Stored data
===============

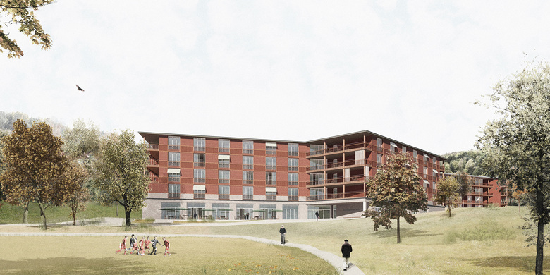In schönster Landschaft und Aussichtslage fügt sich das neue Pflegeheim Wier in den Grünraum oberhalb des Ortszentrums von Ebnat-Kappel ein. Selbstbewusst zeigt sich das Pflegeheim als öffentliches Gebäude über der Weite des Sportplatzes. Die exponierte Lage am Hang, die Nähe des Waldes und der Ausblicke in die Weite bieten eine einzigartige Atmosphäre, die den gesamten Aussenraum prägt. Durch die geschickte Platzierung der beiden Volumen entsteht ein neues Ensemble von Pflegeheim und Alterswohnen, das sich selbstverständlich in die Landschaft einfügt und spannende Aussenräume bietet.
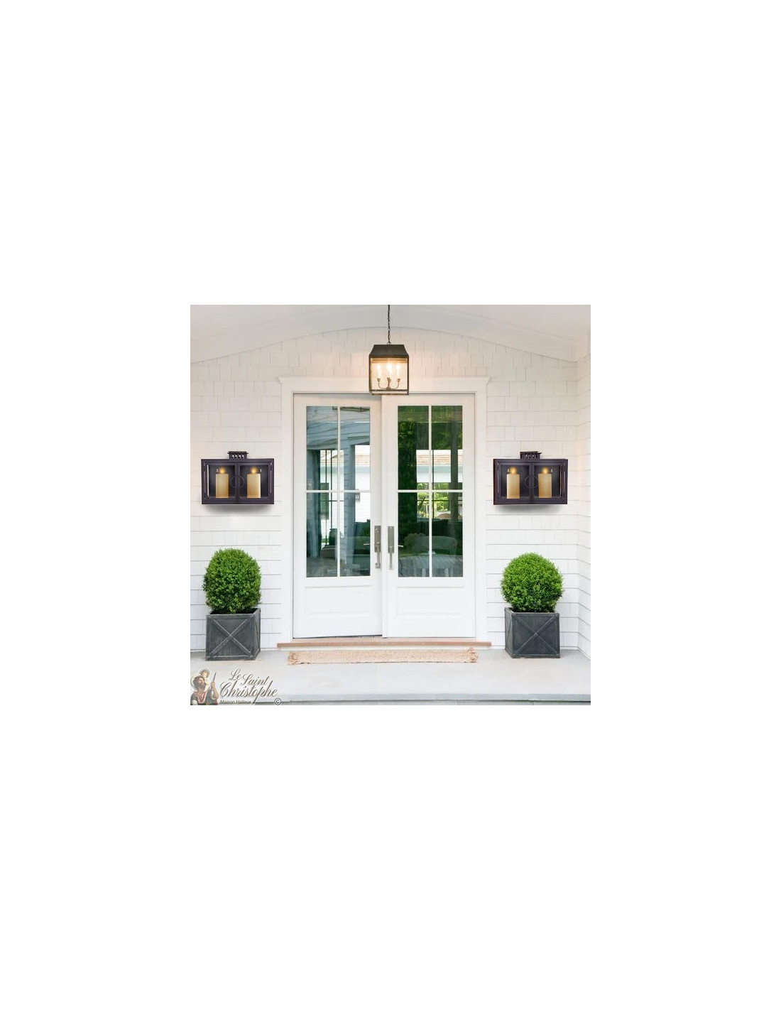 Grote rechthoekige glazen lantaarn met twee deuren en twee kandelaars.
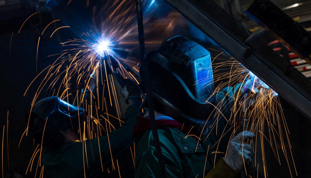 Image: Workers weld at a factory floor in Columbus, Ohio, U.S., March 26, 2024. REUTERS/Carlos Barria
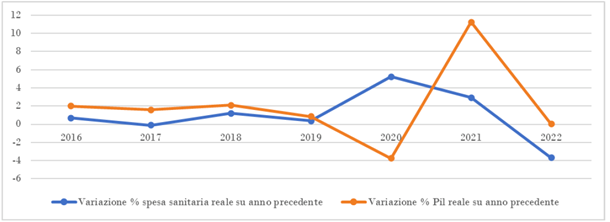 Il grafico successivo evidenzia l’andamento della crescita percentuale della spesa sanitaria e del PIL italiani rispetto all’anno precedente nel periodo 2016-2022.
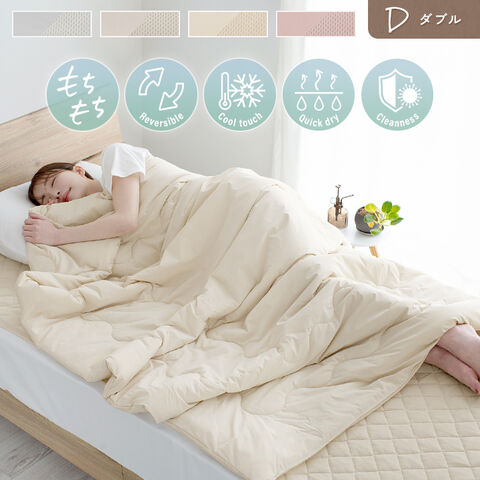 肌掛け布団 強冷感 ダブル 吸水速乾 接触冷感 リバーシブル もちもち さらさら ひんやりクール 洗える キルトケット 夏布団 抗菌 防臭 清潔 掛布団 肌ふとん【ベージュ】
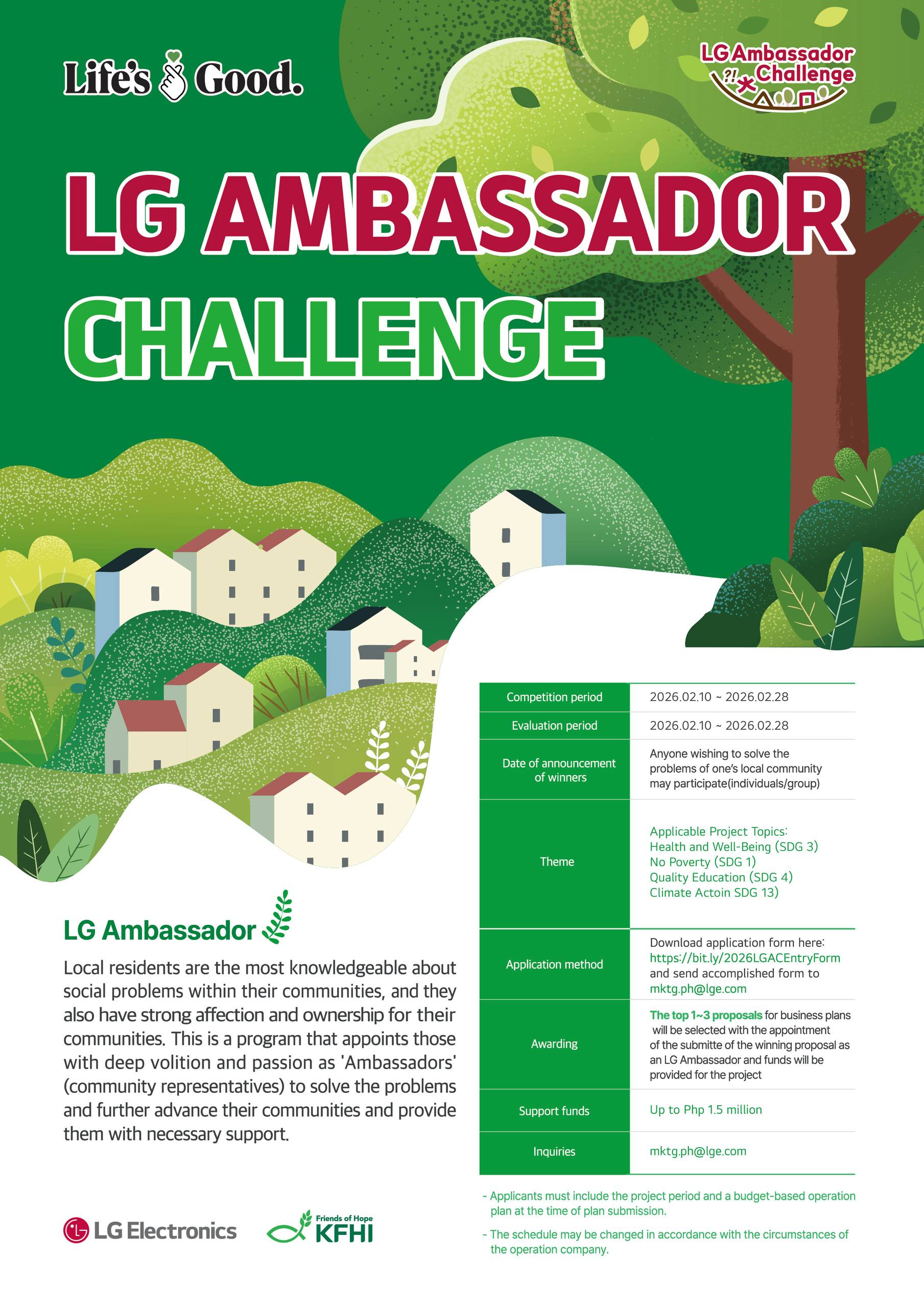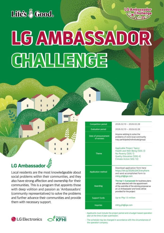 LG Electronics Philippines has opened the call for entries for the 2026 LG Ambassador Challenge, inviting changemakers, community leaders, and organizations nationwide to submit project proposals that will benefit a new underserved community, with a strong focus on medical aid and community healthcare.
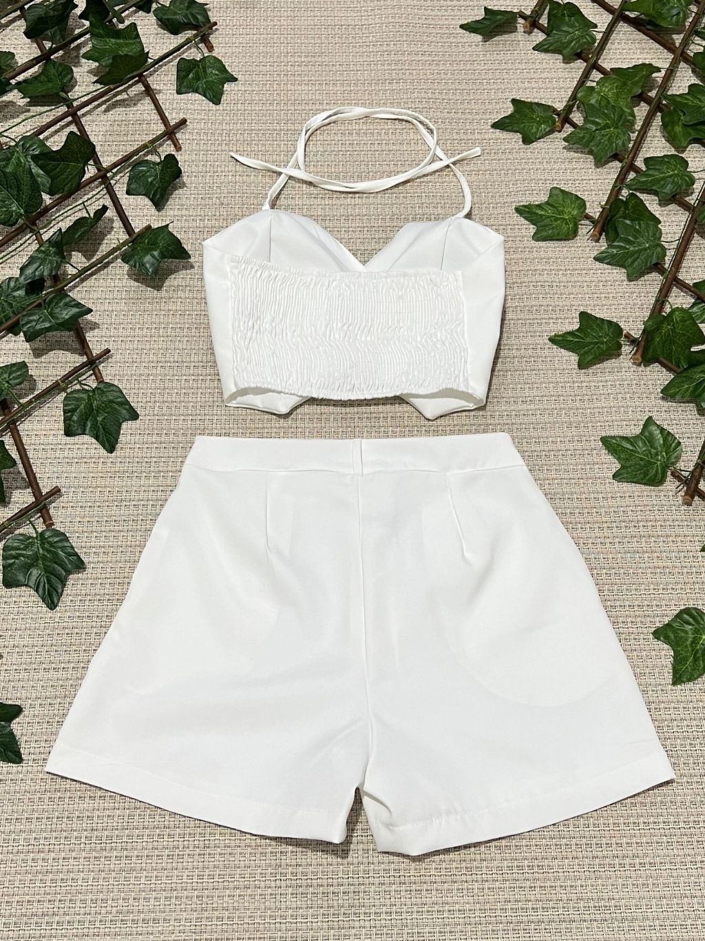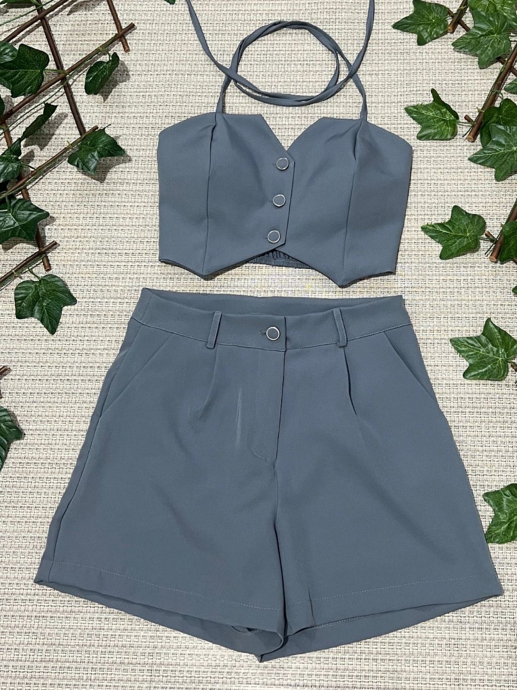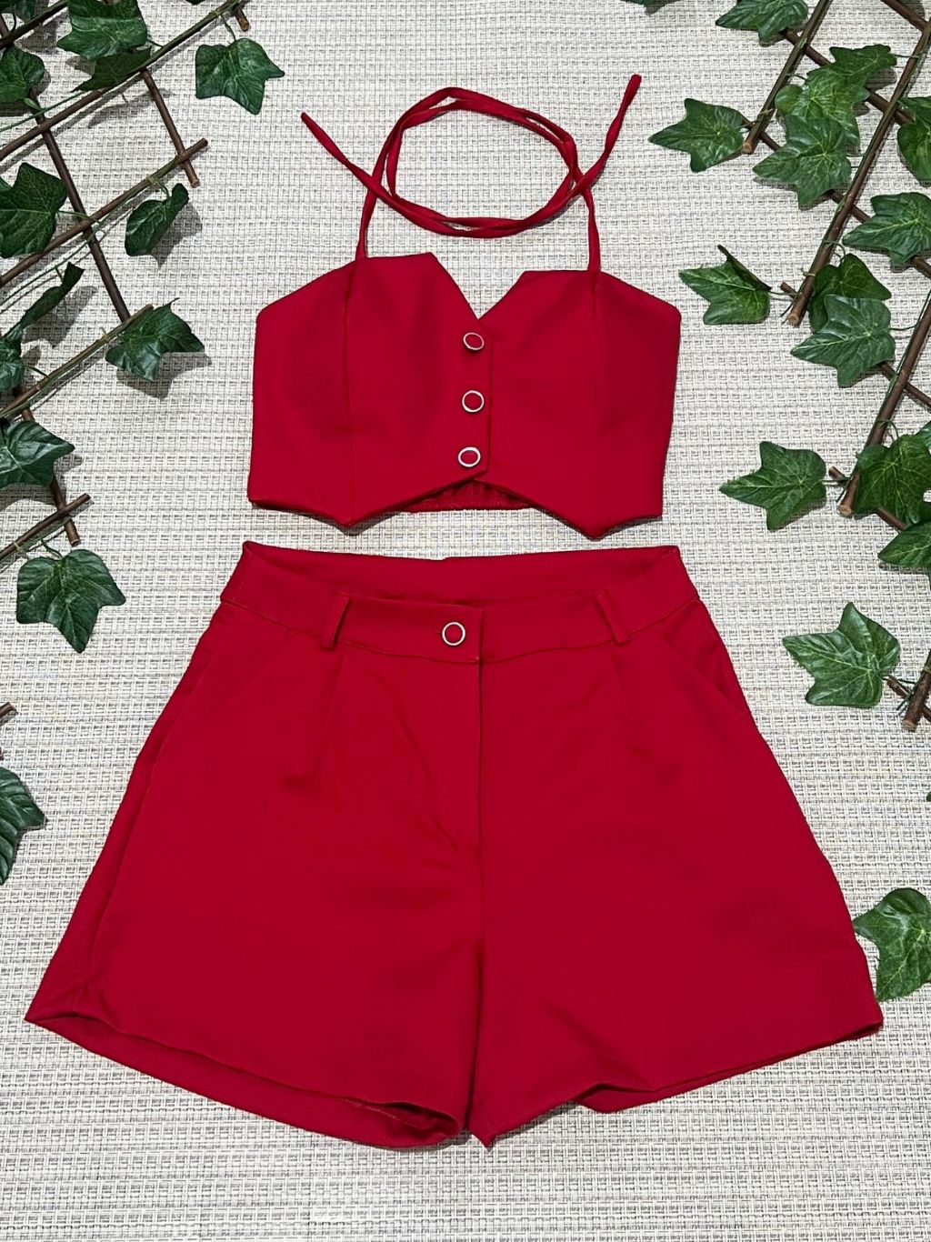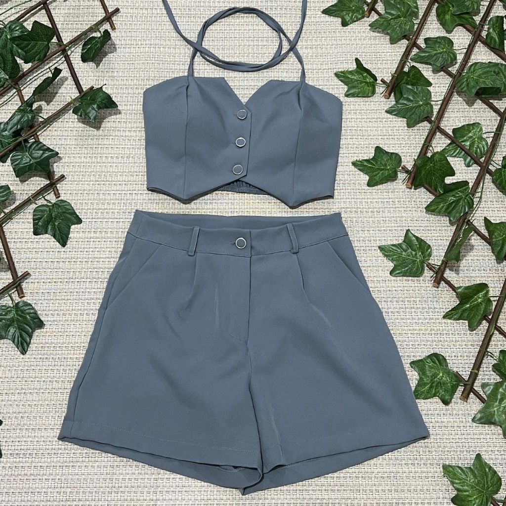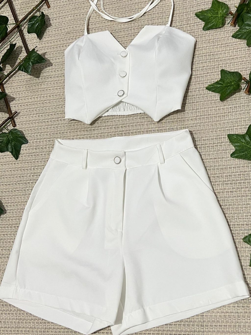 Conjunto feminino alfaiataria simples casual tecido cropped 3 botões com short diário moda verão
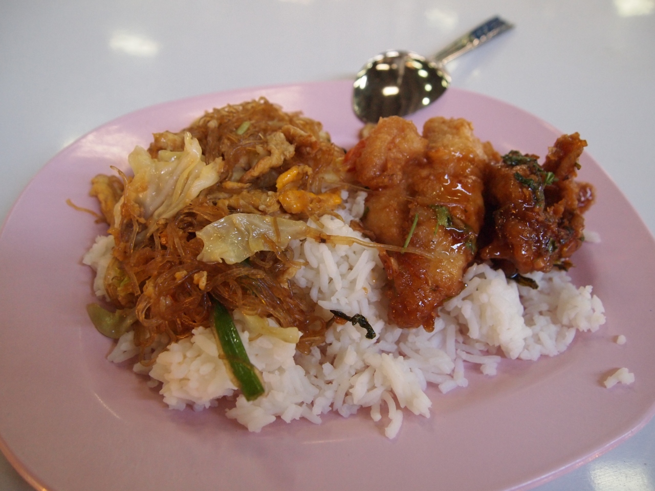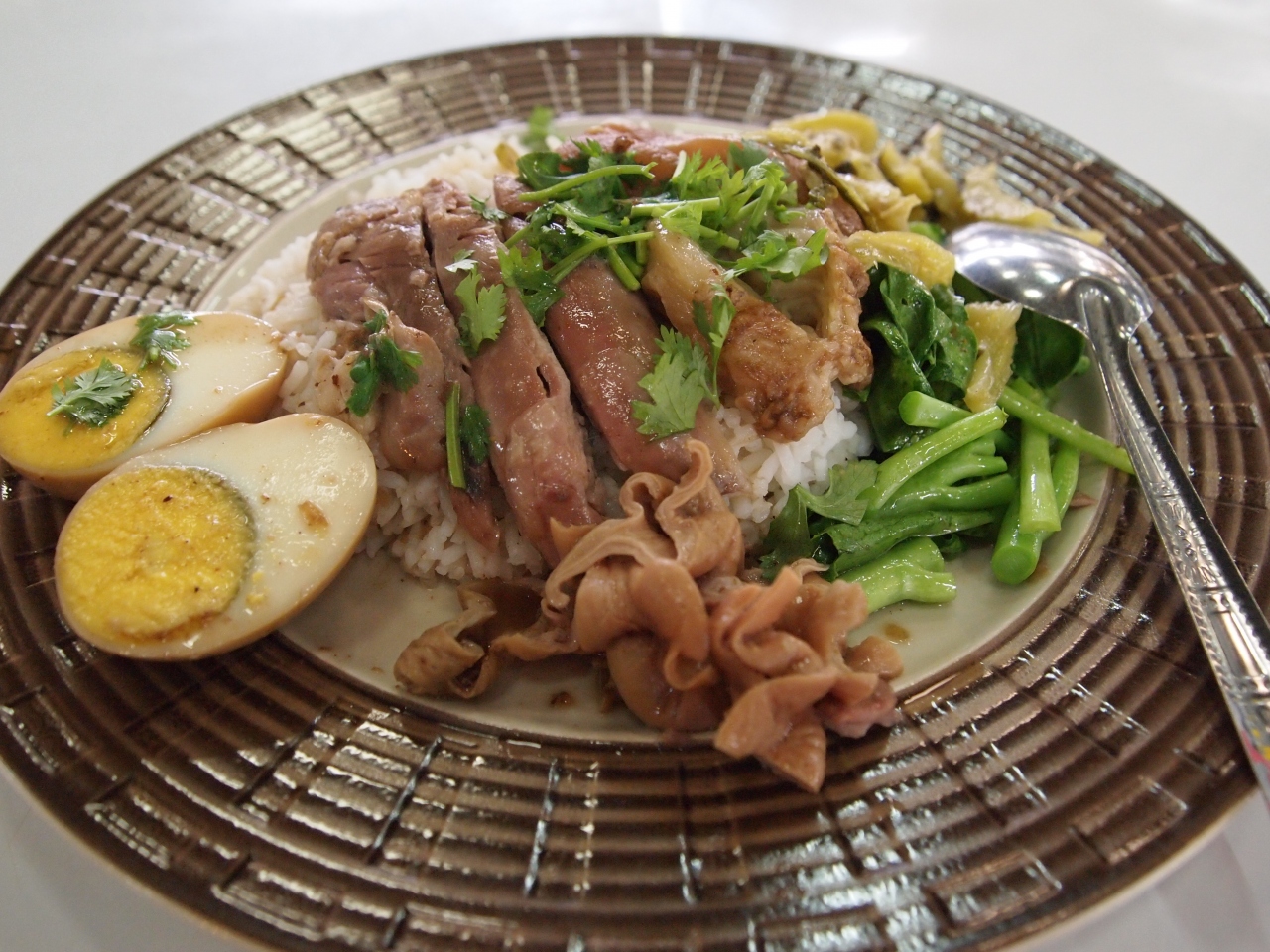 サラデーンからシーロム通りを7分ほど歩くと右手に市場があります。奥には食事のできるお店がたくさんあり、概ねどこも衛生的でおいしかったです。昼休みには周辺のサラリーマンが大勢やってきて食事をとるので、少し時間をずらしたほうがいいでしょう。カーカームー好きな私は、毎回一度はここで食べてます。カオカームーは40バーツ、エストコーラ(タイ限定コーラ?)10バーツでした。

===============

### WHAT THE EXERCISE ASKS
Set down, word for word, the line that holds "Conjunto feminino alfaiataria" and all lines after it to the end of the entries above, but not the pictures.

### ANSWER SECTION
 Conjunto feminino alfaiataria simples casual tecido cropped 3 botões com short diário moda verão
 サラデーンからシーロム通りを7分ほど歩くと右手に市場があります。奥には食事のできるお店がたくさんあり、概ねどこも衛生的でおいしかったです。昼休みには周辺のサラリーマンが大勢やってきて食事をとるので、少し時間をずらしたほうがいいでしょう。カーカームー好きな私は、毎回一度はここで食べてます。カオカームーは40バーツ、エストコーラ(タイ限定コーラ?)10バーツでした。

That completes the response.